Australian speedway rider

John Boulger (born 18 June 1945 in Adelaide, South Australia) is a former international motorcycle speedway rider. Boulger won a record nine South Australian Championships (a record jointly held with Jack Young), as well as two Australian Solo Championships during his career. As part of the Australian team, Boulger won the 1976 World Team Cup as captain.

==Career summary==

===Australia===
Boulger, whose father was a mechanic for international solo star Merv Harding, started his racing career in 1965 racing scrambles as a sidecar passenger with friend Brenton Hanks (which only lasted a year) before moving into speedway. His first race was at the Broken Hill Speedway in October 1966 where he lost an oil tank and seized the engine in his first meeting. He then got his break when he tagged along with leading Adelaide sidecar rider Len Bowes to the Northern Park Raceway in Melbourne. As a favour to Bowes, the promoter let Boulger ride just expecting him to make up the numbers, but everyone received a shock when Boulger broke the track record in his first ride.

Boulger's home track was the famed, 358 m Rowley Park Speedway in Adelaide and he made his debut there on 29 October 1966. He quickly went from promising rookie to star rider within a couple of seasons, and would become the best South Australian rider of his generation, and regarded as one of the states best ever riders alongside Jack Young.

After finishing second to Sydney's Jim Airey at the 509 m Sydney Showground in 1970, Boulger won his first Australian Solo Championship in 1971 at Perth's ⅓ mile (586 m) Claremont Speedway after a bold passing move on local favourite Chum Taylor in the last corner of the deciding heat to give him a 15-point maximum. He finished in third place at Rowley Park in 1972 behind Airey and Denmark's reigning World Champion Ole Olsen, and won his last title in 1973 at the Sydney Showground with a 15-point maximum, leaving defending champion and "King of the Royale" Airey languishing in fourth place. Boulger then finished the 1974 championship at the 425 m Brisbane Exhibition Ground in second place behind local rider Steve Reinke to cap a four-year run where he never finished the Australian title off the podium. He would place once more finishing third in 1979 at the 302 m Olympic Park Speedway in Mildura behind local favourites Phil Crump and Danny Kennedy.

During the 1970s, Boulger had a virtual stranglehold on the South Australian Solo Championship. He won his first title in 1970 before winning a record seven in a row between 1972 and 1978, all held at Rowley Park Speedway. He would win his ninth and last SA Championship at the new Speedway Park in 1982. Boulger's ninth SA title saw him equal the record of nine wins by Jack Young. As of 2016, this record still stands, with the next best record being five wins by Queenslander Troy Batchelor. Boulger narrowly missed equaling Young's record in 1981 when he finished second in the championship behind Tony Boyle at Speedway Park. Boulger was undefeated in his first three rides, and was leading his fourth race when his front forks broke forcing him to crash and not finish the race.

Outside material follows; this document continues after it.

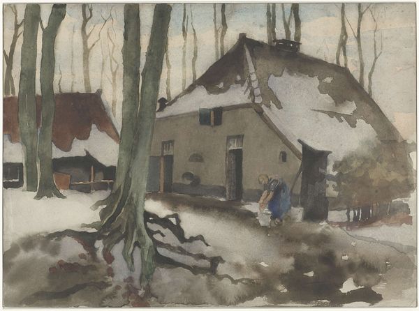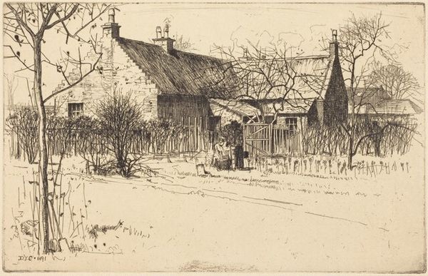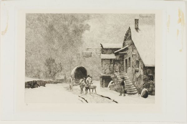 T. Frantisek Simon created this etching titled ‘Little Street in Prague.’ Simon, an Austro-Hungarian Jewish artist, offers us a window into a snow-laden Prague street, absent of crowds yet inhabited by figures who seem burdened and isolated, set against the backdrop of a muted urban landscape. His choice to portray the city this way may reflect the cultural anxieties felt at a time of political and social upheaval in Europe. Simon's technique creates a subdued palette, with the snow blanketing the scene, underscoring a sense of quiet solemnity. The two figures, one pushing a wheelbarrow and the other carrying a load, evoke the daily struggles of ordinary people during a period marked by social inequalities. The architecture in the image may seem aged, and in this context, the buildings and structures may represent resilience and permanence. ‘Little Street in Prague’ offers a poignant reflection on identity, labor, and perseverance, set within the silent narrative of a city under snow.

Boulger won the inaugural Australasian Championship at the Western Springs Stadium in Auckland, New Zealand in 1976 defeating Billy Sanders, Phil Crump and multiple World Champion Ivan Mauger (the Australasian Final was introduced as a World Championship qualifying round for Australian and New Zealand riders). He then went on to finish in a 3-way tie for first place in 1977 at the Sydney Showground with Mauger and Crump, before eventually finishing third after a runoff. Later in 1982 he won the Australian Long Track Championship in the South Australian town of Morgan in 1982.

Boulger retired from riding in 1984 and decided to stay in speedway, first by teaching young riders the art of racing a Solo motorbike, with many of his protégé's racing at the Sidewinders Junior Speedway in Adelaide which opened in 1978. Boulger has been a long time supporter of Sidewinders and during the early-mid 1980s was a mentor to a number of younger riders including Steve Baker, Mark Fiora, Shane Parker, Craig Hodgson and Shane Bowes, the son of Boulger's long time friend and the 1968 Australian Sidecar Champion Len Bowes.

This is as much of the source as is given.